[Saved entries]

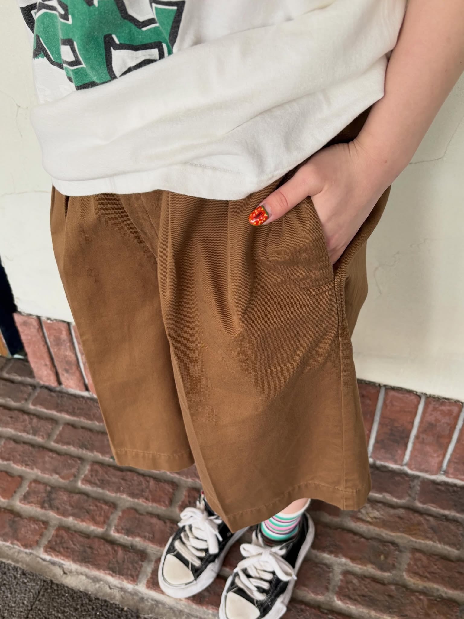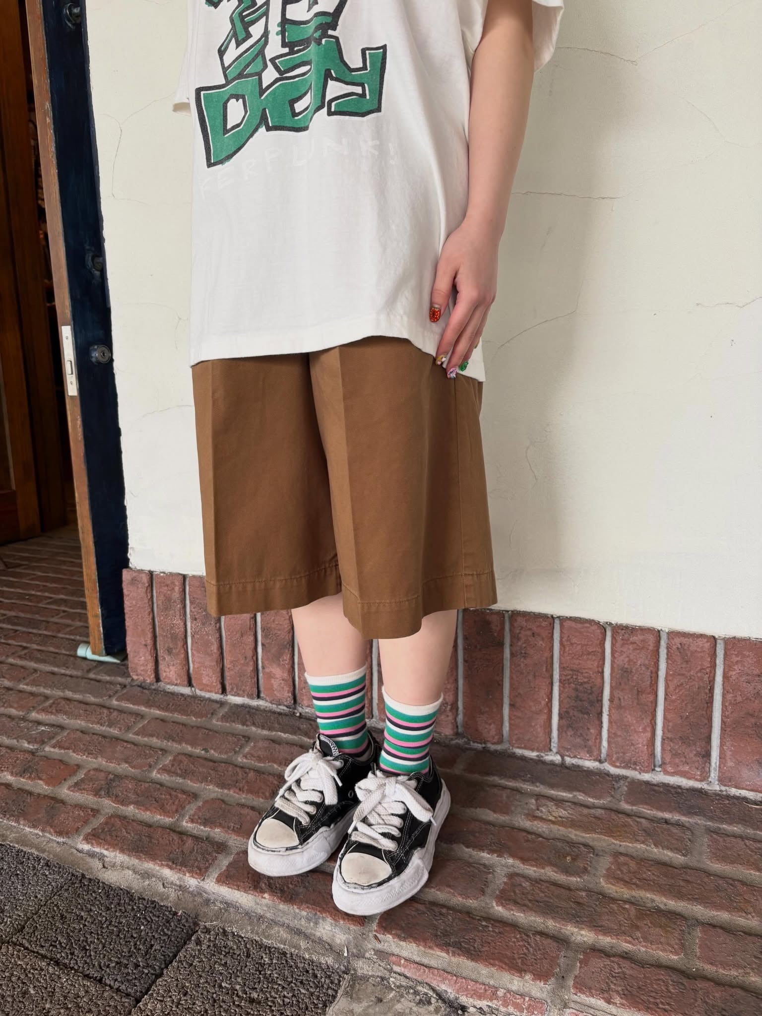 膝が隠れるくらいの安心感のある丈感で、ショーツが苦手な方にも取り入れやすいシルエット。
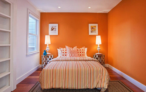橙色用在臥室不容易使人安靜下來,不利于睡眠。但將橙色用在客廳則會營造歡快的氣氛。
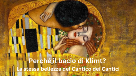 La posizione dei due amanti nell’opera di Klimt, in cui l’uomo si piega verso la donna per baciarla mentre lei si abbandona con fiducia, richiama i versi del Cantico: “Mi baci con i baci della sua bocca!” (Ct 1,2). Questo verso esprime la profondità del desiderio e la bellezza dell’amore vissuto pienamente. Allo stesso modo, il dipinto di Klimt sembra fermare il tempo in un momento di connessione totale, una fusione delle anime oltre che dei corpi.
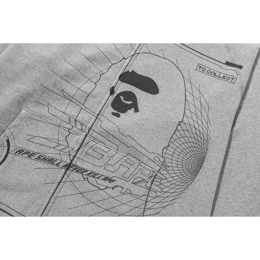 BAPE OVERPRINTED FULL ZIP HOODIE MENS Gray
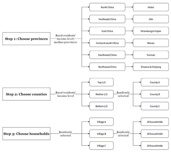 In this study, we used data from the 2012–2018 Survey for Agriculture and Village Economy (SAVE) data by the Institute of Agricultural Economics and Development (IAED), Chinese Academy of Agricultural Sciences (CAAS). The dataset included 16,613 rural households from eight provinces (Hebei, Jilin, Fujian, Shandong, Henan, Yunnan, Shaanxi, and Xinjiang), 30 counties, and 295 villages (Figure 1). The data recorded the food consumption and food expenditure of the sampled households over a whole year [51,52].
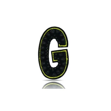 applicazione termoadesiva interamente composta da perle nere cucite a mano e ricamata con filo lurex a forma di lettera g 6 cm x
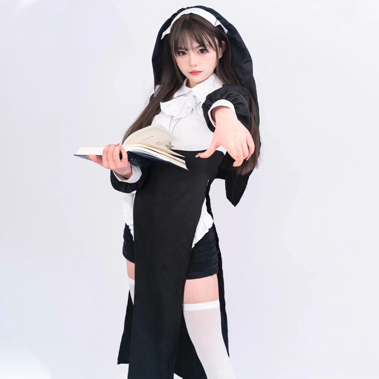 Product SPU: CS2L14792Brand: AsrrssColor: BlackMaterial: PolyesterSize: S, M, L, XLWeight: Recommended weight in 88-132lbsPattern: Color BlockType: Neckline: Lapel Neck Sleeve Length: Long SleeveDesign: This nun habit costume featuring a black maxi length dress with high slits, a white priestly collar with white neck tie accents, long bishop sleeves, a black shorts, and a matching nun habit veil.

Try it:
Reproduce the lines above starting at the one with "La posizione dei" and ending at the one with "applicazione termoadesiva interamente", both included, exactly and with no pictures.

Response box:
 La posizione dei due amanti nell’opera di Klimt, in cui l’uomo si piega verso la donna per baciarla mentre lei si abbandona con fiducia, richiama i versi del Cantico: “Mi baci con i baci della sua bocca!” (Ct 1,2). Questo verso esprime la profondità del desiderio e la bellezza dell’amore vissuto pienamente. Allo stesso modo, il dipinto di Klimt sembra fermare il tempo in un momento di connessione totale, una fusione delle anime oltre che dei corpi.
 BAPE OVERPRINTED FULL ZIP HOODIE MENS Gray
 In this study, we used data from the 2012–2018 Survey for Agriculture and Village Economy (SAVE) data by the Institute of Agricultural Economics and Development (IAED), Chinese Academy of Agricultural Sciences (CAAS). The dataset included 16,613 rural households from eight provinces (Hebei, Jilin, Fujian, Shandong, Henan, Yunnan, Shaanxi, and Xinjiang), 30 counties, and 295 villages (Figure 1). The data recorded the food consumption and food expenditure of the sampled households over a whole year [51,52].
 applicazione termoadesiva interamente composta da perle nere cucite a mano e ricamata con filo lurex a forma di lettera g 6 cm x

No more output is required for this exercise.